(Items listed in a dataset)
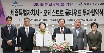 세종시는 25일 오케스트로클라우드와 데이터센터 건립을 위한 투자협약을 체결했다고 밝혔다. 오케스트로클라우드는 서버 가상화 소프트웨어와 데이터센터 운영 전문기업으로, 이번 협약에 따라 어진동 세종파이낸스센터Ⅱ에 전체면적 3만㎡ 규모의 데이터센터를 건립한다.&nb
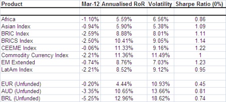 For instance, there was no reciprocal rally in the euro. The EUR unfunded index lost 0.22% in March, while the AUD unfunded lost 3.25% during the month.
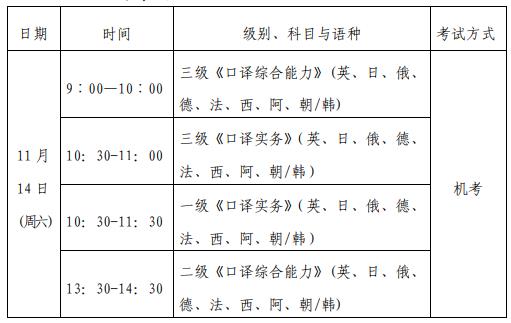 根據(jù)2020年度職業(yè)資格考試計(jì)劃以及常態(tài)化疫情防控形勢(shì)下考試事項(xiàng)調(diào)整等有關(guān)精神,2020年度上、下半年翻譯考試合并組織,于11月14日、15日統(tǒng)一舉行??谧g和筆試考試均實(shí)行電子化考試形式(以下稱機(jī)考)。具體考試時(shí)間和科目為:
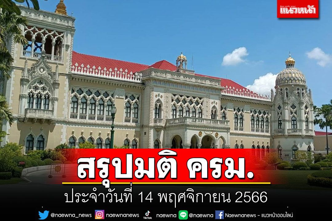 วันนี้ 14 พฤศจิกายน 2566 เวลา 09.00 น. นายภูมิธรรม เวชยชัย รองนายกรัฐมนตรี เป็นประธานการประชุมคณะรัฐมนตรี ณ ห้องประชุม 501 ตึกบัญชาการ 1 ทำเนียบรัฐบาล ซึ่งสรุปสาระสำคัญดังนี้
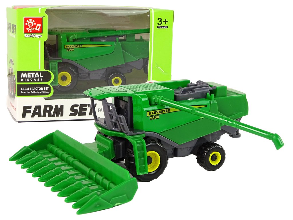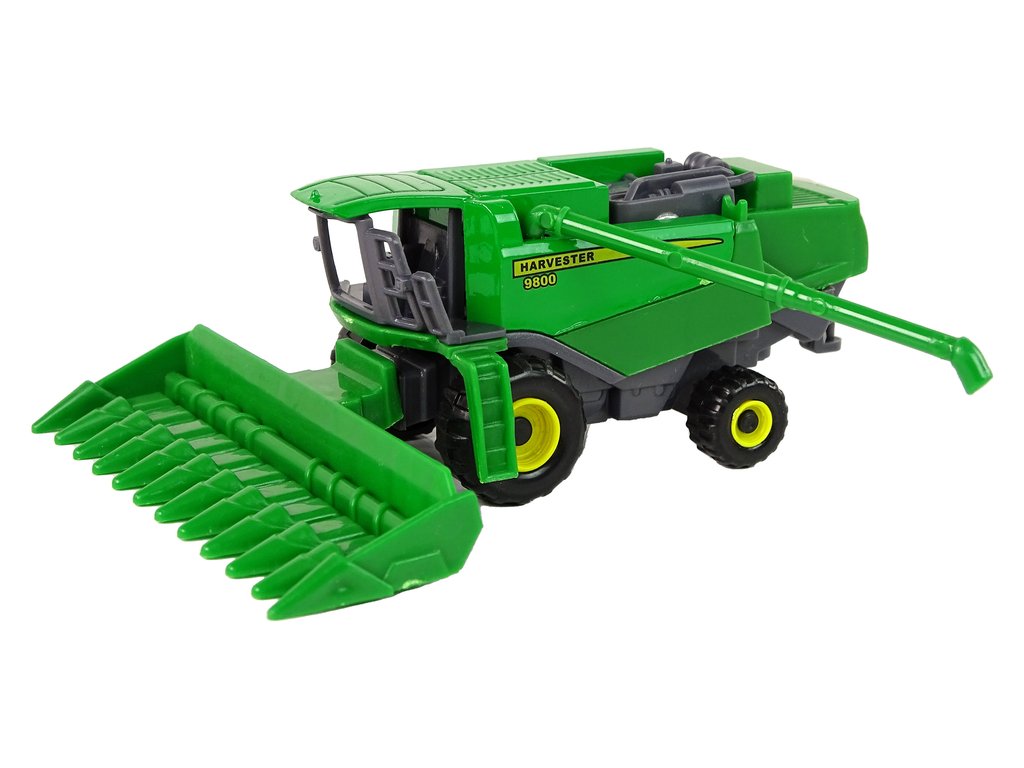 A kis zöld műanyag kombájn minőségi játék. A gyerekeket elragadtatja valósághű megjelenése és kifinomult részletei. A betakarítógép kivehető részekkel van felszerelve, amelyek interakcióval gazdagítják a játékot és támogatják a kézi készségek fejlesztését.
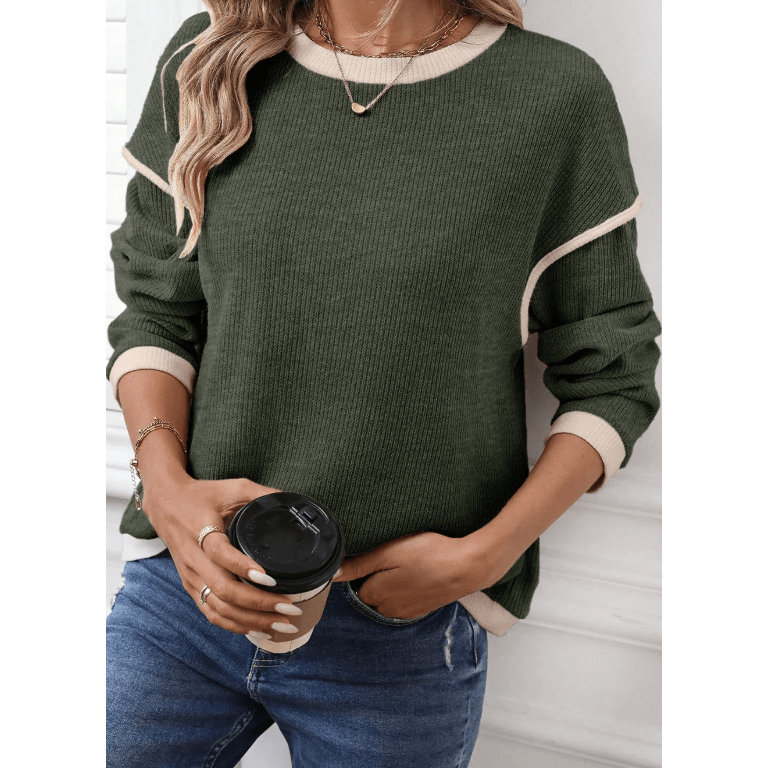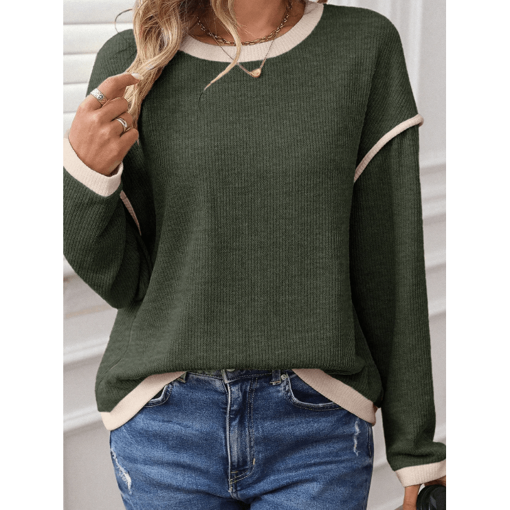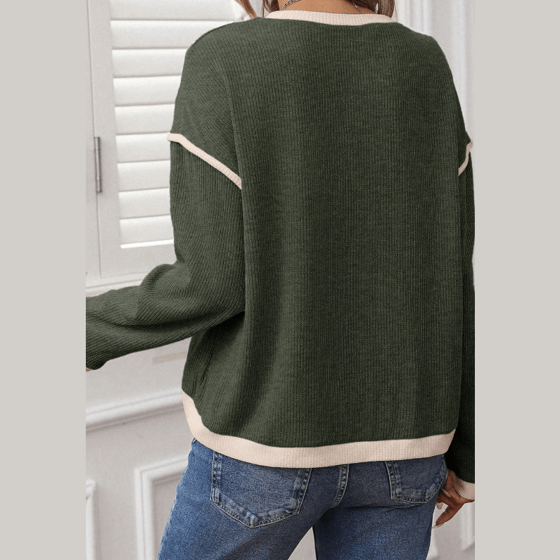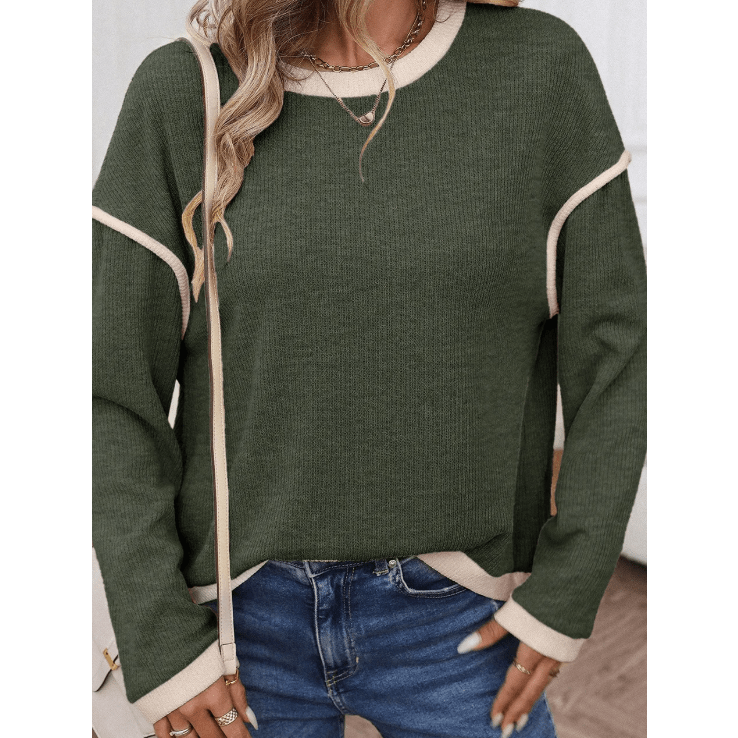 Dayten Green Contrast Color Trim Knit Drop Shoulder Loose Top

__Task instructions__. Copy nothing past the line containing "根據(jù)2020年度職業": reproduce every line from the start of the records up to it, skipping pictures.

__Result for this exercise__.
 세종시는 25일 오케스트로클라우드와 데이터센터 건립을 위한 투자협약을 체결했다고 밝혔다. 오케스트로클라우드는 서버 가상화 소프트웨어와 데이터센터 운영 전문기업으로, 이번 협약에 따라 어진동 세종파이낸스센터Ⅱ에 전체면적 3만㎡ 규모의 데이터센터를 건립한다.&nb
 For instance, there was no reciprocal rally in the euro. The EUR unfunded index lost 0.22% in March, while the AUD unfunded lost 3.25% during the month.
 根據(jù)2020年度職業(yè)資格考試計(jì)劃以及常態(tài)化疫情防控形勢(shì)下考試事項(xiàng)調(diào)整等有關(guān)精神,2020年度上、下半年翻譯考試合并組織,于11月14日、15日統(tǒng)一舉行??谧g和筆試考試均實(shí)行電子化考試形式(以下稱機(jī)考)。具體考試時(shí)間和科目為:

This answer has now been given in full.